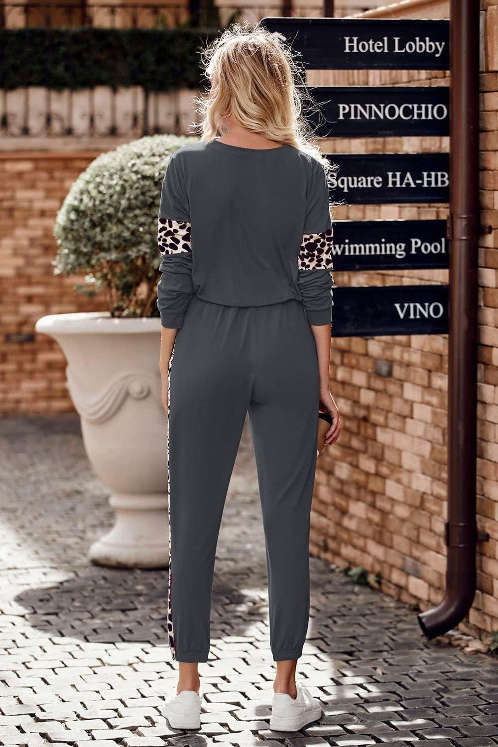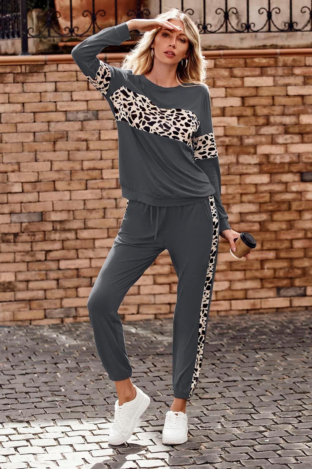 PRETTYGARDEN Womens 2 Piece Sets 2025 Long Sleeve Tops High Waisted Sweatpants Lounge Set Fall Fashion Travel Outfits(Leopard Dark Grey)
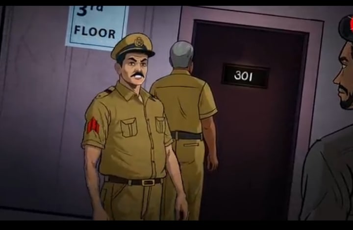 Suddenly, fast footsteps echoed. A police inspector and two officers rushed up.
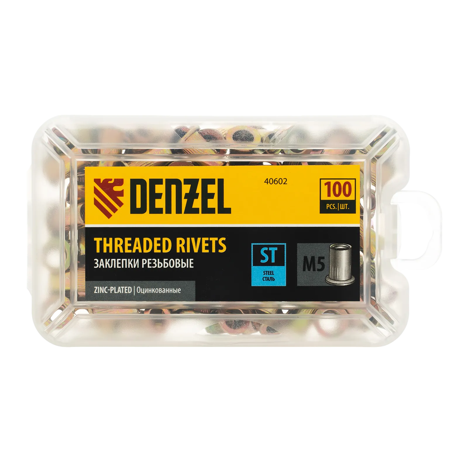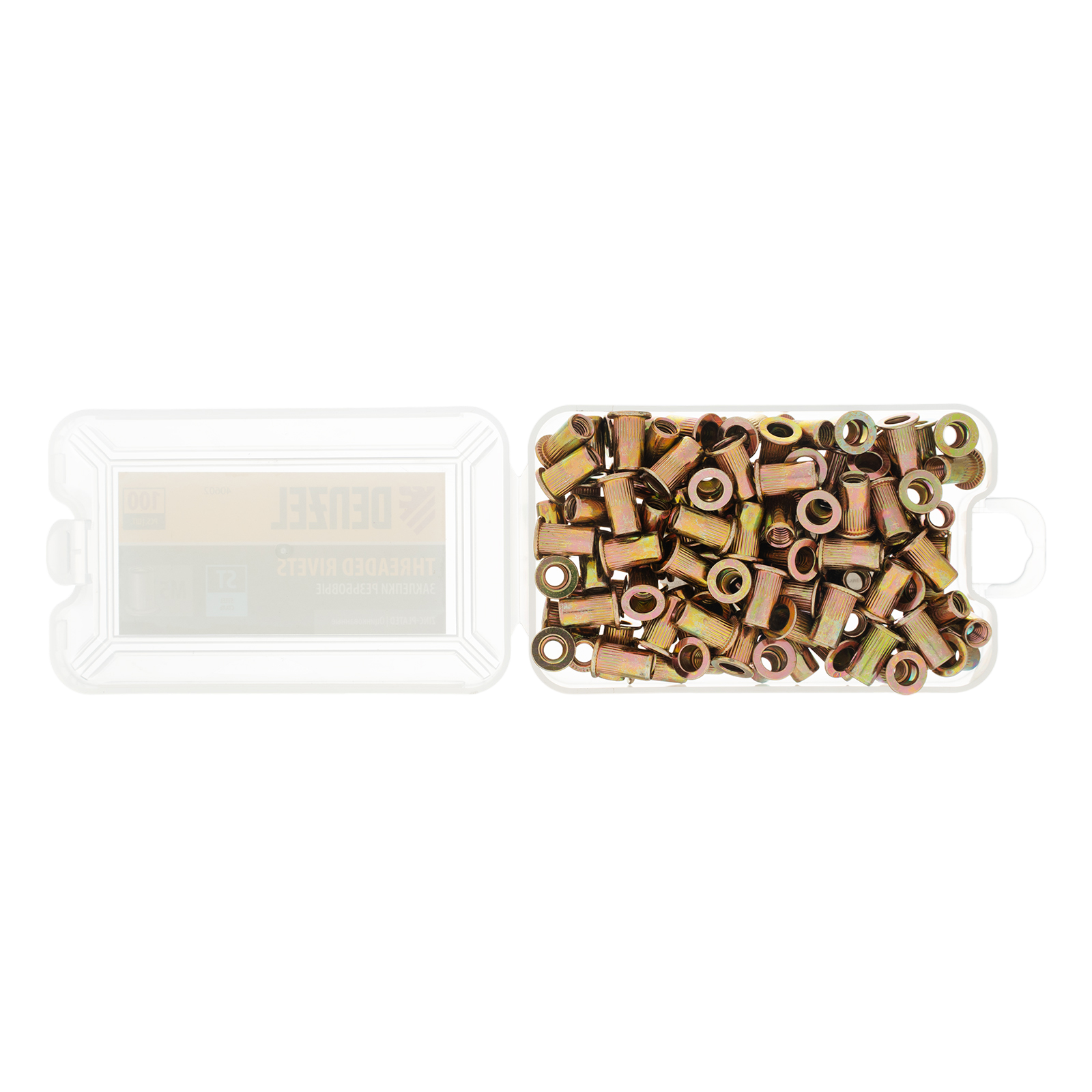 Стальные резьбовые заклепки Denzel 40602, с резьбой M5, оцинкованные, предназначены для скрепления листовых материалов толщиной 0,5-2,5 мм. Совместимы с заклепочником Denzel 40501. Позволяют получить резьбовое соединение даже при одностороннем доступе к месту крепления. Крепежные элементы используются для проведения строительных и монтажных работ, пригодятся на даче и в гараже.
--
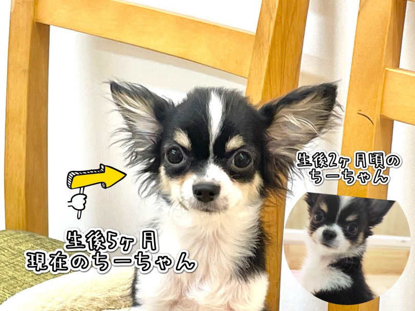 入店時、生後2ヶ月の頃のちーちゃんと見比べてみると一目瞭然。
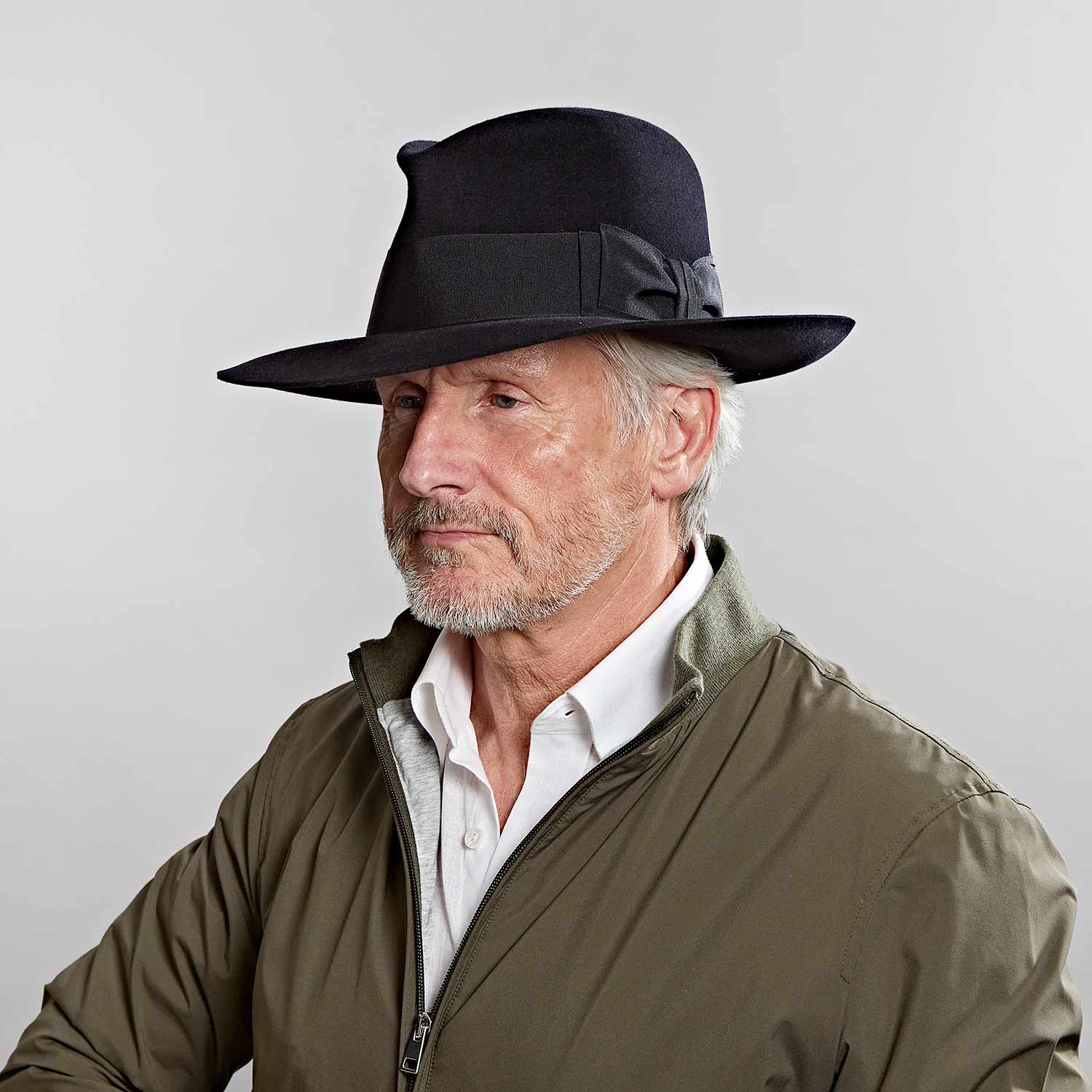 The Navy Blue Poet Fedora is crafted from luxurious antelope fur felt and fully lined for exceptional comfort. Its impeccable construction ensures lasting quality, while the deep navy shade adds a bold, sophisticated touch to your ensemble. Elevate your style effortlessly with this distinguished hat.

> **Assignment**
Exact copy, pictures excluded: from the line with "PRETTYGARDEN Womens 2" up to and including the line with "Suddenly, fast footsteps" in the data above.

> **Final answer**
 PRETTYGARDEN Womens 2 Piece Sets 2025 Long Sleeve Tops High Waisted Sweatpants Lounge Set Fall Fashion Travel Outfits(Leopard Dark Grey)
 Suddenly, fast footsteps echoed. A police inspector and two officers rushed up.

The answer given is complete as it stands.